Ainsi, s'il s'accompagne de la très efficace Emi Lenox pour raconter la vie des cinq héros qui formeront malgré eux un groupe plus ou moins soudé tout au long de la série, Lemire passe lui-même derrière la planche à dessin pour des back-ups où il va jouer, non sans premier degré, avec les codes des héros du Silver Age, forcément décalés avec la proximité des aventures de nos adolescents. Et plutôt que de se contenter d'imiter un genre dépassé, il va se servir de ces quelques pages mensuelles pour traiter le dilemme de la double-vie des super-héros parents, qui doivent aussi bien assumer la dernière tournée de linge de leurs progénitures que la sécurité de leur mégalopole préférée.

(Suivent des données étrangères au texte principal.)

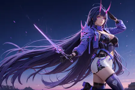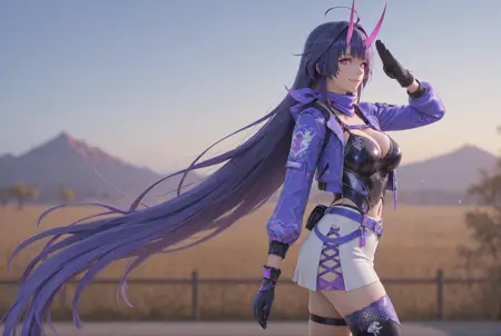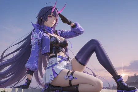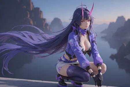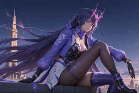 Raiden mei06,1girl,raiden mei \(herrscher of thunder\),raiden mei,solo,long hair,horns,purple eyes,gloves,black gloves,purple hair,jacket,navel,asymmetrical legwear,long sleeves,very long hair,skirt,black footwear,boots,single thighhigh,purple jacket,purple scarf,socks,ahoge,armor,pantyhose,uneven legwear,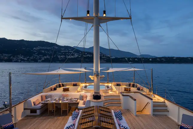 • 5.7m resistance pool on the foredeck and large jacuzzi on the sun deck
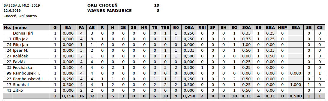 Waynes: Kůťa RF, Ondra Zítko 3B, Pepíno 3B, Lukes SS/C, Kubajs P/SS, Waynes 1B/P/3B, OLí 2B, Jirka Dohnal C/1B, Lin CF, Matěj I. LF, Šakal 3B/P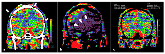 - Kitajima, M.; Hirai, T.; Shigematsu, Y.; Fukuoka, H.; Sasao, A.; Okuda, T.; Morioka, M.; Kai, Y.; Yamashita, Y. Assessment of cerebral perfusion from bypass arteries using magnetic resonance regional perfusion imaging in patients with moyamoya disease. Jpn. J. Radiol. 2010, 28, 746–753. [Google Scholar] [CrossRef]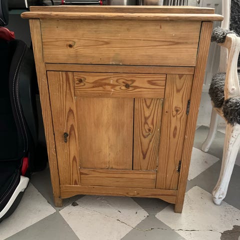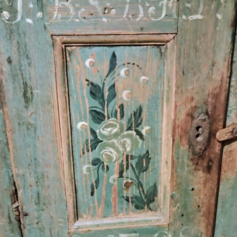 Blåmålat träskåp med en dörr och enkel blommålning på fronten. Skåpet har en inre hylla för förvaring och står på små ben. Insidan är omålad i naturträ. Färgen är sliten på flera ställen vilket ger ett patinerat utseende.

Pas follement original mais tout à fait efficace, particulièrement en écho aux vies menées par notre groupe de jeunes téméraires en parallèle.

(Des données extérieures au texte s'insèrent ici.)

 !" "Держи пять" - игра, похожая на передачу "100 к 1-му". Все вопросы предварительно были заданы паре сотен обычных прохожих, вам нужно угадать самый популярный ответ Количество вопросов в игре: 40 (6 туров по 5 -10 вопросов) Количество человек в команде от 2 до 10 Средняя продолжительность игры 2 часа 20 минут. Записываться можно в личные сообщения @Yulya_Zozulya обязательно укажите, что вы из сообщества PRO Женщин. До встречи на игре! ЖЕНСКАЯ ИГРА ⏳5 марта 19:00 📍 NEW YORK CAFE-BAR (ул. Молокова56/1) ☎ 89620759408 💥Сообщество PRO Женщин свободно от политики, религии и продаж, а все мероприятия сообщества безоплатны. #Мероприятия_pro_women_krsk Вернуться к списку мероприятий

Formidable spectateur de la vie et de ceux qui l'entourent, Lemire est en effet capable de restituer les archétypes des écoliers bons à mélanger pour former un groupe hétérogène sans jamais verser dans la caricature et/ou le grossier. Certes, les pisse-froids pourront toujours reprocher les profils qui ne débordent pas du Quaterback, du garçon manqué et de son petit frère le nez sur la console forcément un peu inconscient ou de la Gothique complexée, mais ce serait oublier la tonne de soin qui est apportée à l'idée de faire vivre ses personnages et leurs réactions, toutes en susceptibilité et en rancunes enfantines. Sans oublier que dans ces archétypes se trouvent de subtiles hommages aux oeuvres adolescentes qui ont parsemé la vie de l'auteur, amateur de John Hughes devant l'éternel.
Il faut dire aussi que s'il est surprenant de voir Lemire se contenter de cinq petits numéros pour créer une histoire complète, c'est aussi la force d'un récit qui se dévoile à 100 à l'heure et sur un rythme constant, ponctué ça et là de cliffhangers imparables, qui vous convaincront d'achever sa lecture d'une traite comme le veut son format. Impossible pour moi de vous raconter les moindres éléments de l'histoire sans risquer de trahir les nombreuses révélations qui parsèment le récit, mais partez du principe que Plutona, c'est l'histoire de cinq adolescents que rien ne destinait à former un groupe soudé autour d'un drame fondateur, que vous découvrir dès la fin du premier chapitre, et qui n'est sûrement pas aussi limpide que vous pourrez alors l'imaginer. Ajoutez à ça une fin qui ne s'embarrasse pas avec les poncifs du genre, une dessinatrice qui se révèle au grand monde avec un trait d'une finesse rare et vous obtenez une belle lecture d'un soir, qui vous en coûtera tout de même la bagatelle de 20 dollars - Image ne poursuivant pas sa logique du premier numéro à 10€ sur les one-shots, ce serait trop beau. De quoi prolonger l'expérience Stranger Things et vos envies de retourner à l'enfance à travers l'imaginaire, parfait pour une rentrée des classes.